Bundesgewässer, so wie Du sie Dir vorstellst, gibt es nicht, außer der Küste. Die Euronen sind für Verwaltungsgebühr und die Fischereiabgabe, mit der die Fischerei gefördert wird.


----------



## jkc (27. Januar 2010)

*AW: 5 Jahresfischereischein 48Euro Wofür?*

Hi, kommst Du aus NRW? Also bei uns ist die hälfte Fischereiabgabe, der Rest Verwaltungsgebühr. 
Dass sich fast alle Sachen, spätestens seit der Euroeinführung verteuern und die Kassen der Verwaltungen schon z.T. leerer als leer sind hast Du bestimmt schon mitbekommen?! Dass dann versucht wird, dass nach unten weiter zu reichen ist doch klar/Bzw. schon oft genug vorgekommen.
Das dumme ist nur, dass es auch noch klappt, (mehr oder weniger).

(Auf Lebenszeit kann man sich den Schein in NRW leider nicht ausstellen lassen.)

Grüße JK


----------



## snofla (27. Januar 2010)

*AW: 5 Jahresfischereischein 48Euro Wofür?*

gibts aber schonn seit 2008


zu lesen  hier


hier mal ne Auszug aus dem Landesfischereigesetz NRW 


§ 36
Gebühren und Abgaben 

(1) Die Erhebung von Gebühren für den Fischereischein richtet sich nach den gebührenrechtlichen Vorschriften. 

(2) Mit der Gebühr für den Fischereischein wird eine Fischereiabgabe in gleicher Höhe erhoben, die der obersten Fischereibehörde zufließt und nach Anhörung des Beirats für das Fischereiwesen zur Förderung der Fischerei zu verwenden ist. 

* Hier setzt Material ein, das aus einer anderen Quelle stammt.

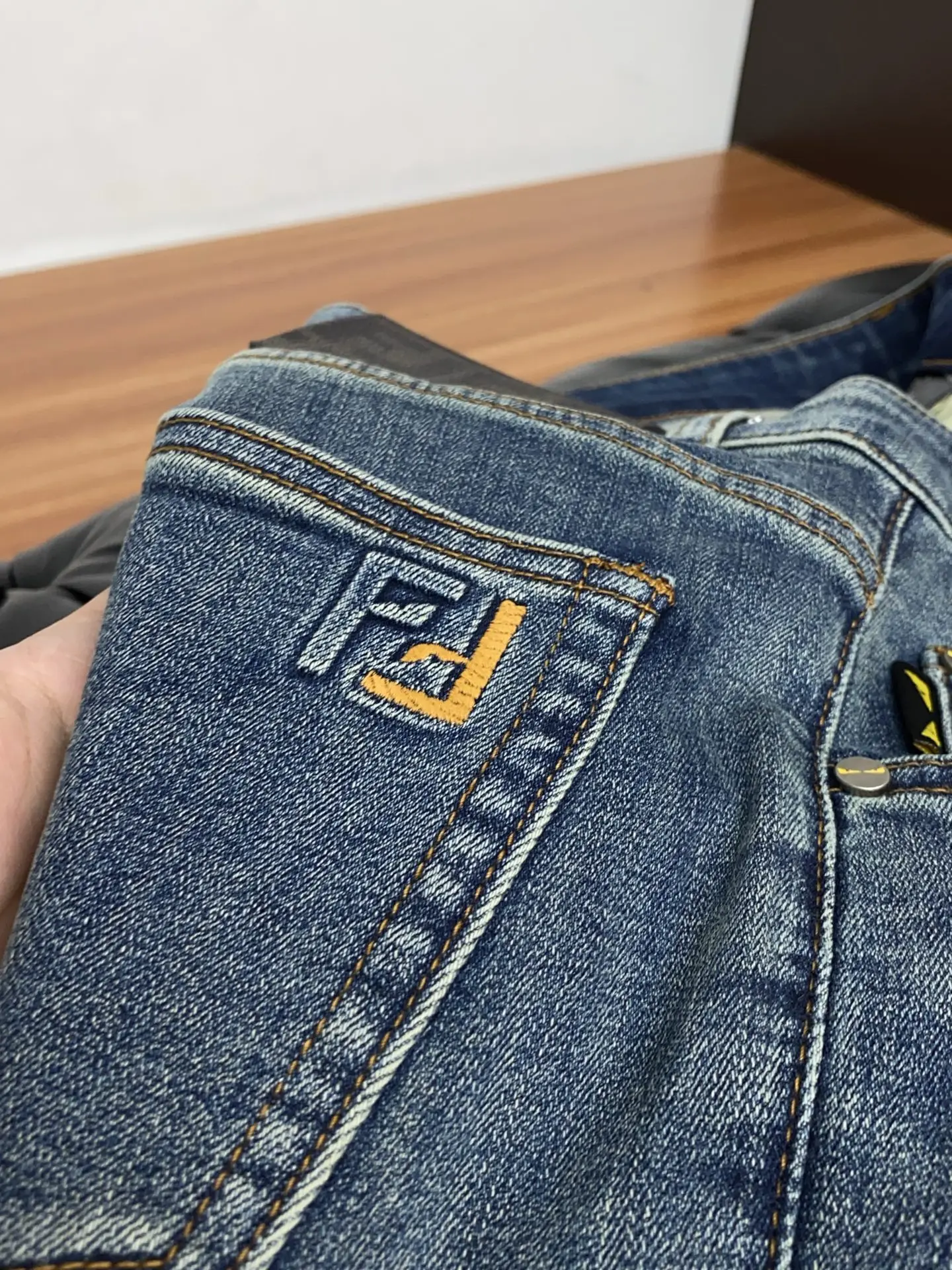 Fendi 2026 Spring/Summer New Collection Jeans feature a clean and sharp cut, exuding urban style. Made from finely woven fabric, they offer a soft and dry feel, providing a structured and stylish fit when worn. The hardware is exquisite, making them perfect for both business and casual occasions. With such a wealth of top-quality materials, these jeans create an unparalleled sense of value, making them the first choice for high-end fashion enthusiasts.
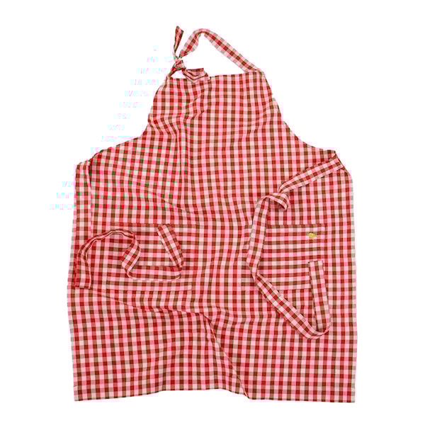 Maria förkläde 70x82 cm i röd/natur från A world of craft kombinerar funktion med form. Det är tillverkat i stadig handvävd bomull, med två fickor framtill och justerbart band i nacken.

...............also wirds wohl nicht billiger werden in den kommenden Jahren


----------



## gründler (28. Januar 2010)

*AW: 5 Jahresfischereischein 48Euro Wofür?*



Stagger Lee schrieb:


> Damit alleine, darfst du nirgends angeln. Dazu benötigst du dann noch den jeweiligen Erlaubnisschein für das entsprechende Gewässer.



Nein nicht richtig!

Nordsee Ostsee und zum teil Elbestrecken sowie andere Teilstrecken können ohne Zusatzschein beangelt werden,es reicht der Jahresfischereischein.
Infos bitte beim jeweiligen Land nachfragen.

lg


----------



## jkc (28. Januar 2010)

*AW: 5 Jahresfischereischein 48Euro Wofür?*



snofla schrieb:


> (2) Mit der Gebühr für den Fischereischein wird eine Fischereiabgabe in gleicher Höhe erhoben, die der obersten Fischereibehörde zufließt und nach Anhörung des Beirats für das Fischereiwesen zur Förderung der Fischerei zu verwenden ist.
> 
> 
> 
> ...


----------



## Gladiator (28. Januar 2010)

*AW: 5 Jahresfischereischein 48Euro Wofür?*

fischereifreigabe gebühr nennt man das, ist von region zu region verschieden gestaffelt


----------



## u-see fischer (31. Januar 2010)

*AW: 5 Jahresfischereischein 48Euro Wofür?*



gründler schrieb:


> Nein nicht richtig!
> 
> Nordsee Ostsee und zum teil Elbestrecken sowie andere Teilstrecken können ohne Zusatzschein beangelt werden,es reicht der Jahresfischereischein.
> Infos bitte beim jeweiligen Land nachfragen.
> ...



Bin mir nicht sicher, meine jedoch mal gelesen zu haben, das alle Tidengewässer nur mit dem Fischereischein (Blauer Schein) beangelt werden dürfen.


----------



## Rapfenfan (31. Januar 2010)

*AW: 5 Jahresfischerreischein 48Euro Wofür?*

Bei uns in Bayern wurde nach der Euroeinführung die Gebühr 1:1 umgerechnet. Aus 40 Dm sind 40 € geworden.
Ich werd mir wohl das nächste mal gleich auf Lebenszeit ausstellen lassen, kostet mich dann zwar 288 €, aber dann hab ich zumindest Ruhe und bin vor weiteren Preissteigerungen, hoffentlich, geschützt.


----------



## Brasse10 (31. Januar 2010)

*AW: 5 Jahresfischereischein 48Euro Wofür?*



gründler schrieb:


> Nein nicht richtig!
> 
> Nordsee Ostsee und zum teil Elbestrecken sowie andere Teilstrecken können ohne Zusatzschein beangelt werden,es reicht der Jahresfischereischein.
> Infos bitte beim jeweiligen Land nachfragen.
> ...



Das kenne ich auch so, wobei ich dir den Rat geben kann besonders bei den Hafen einläufen darauf zu achten !!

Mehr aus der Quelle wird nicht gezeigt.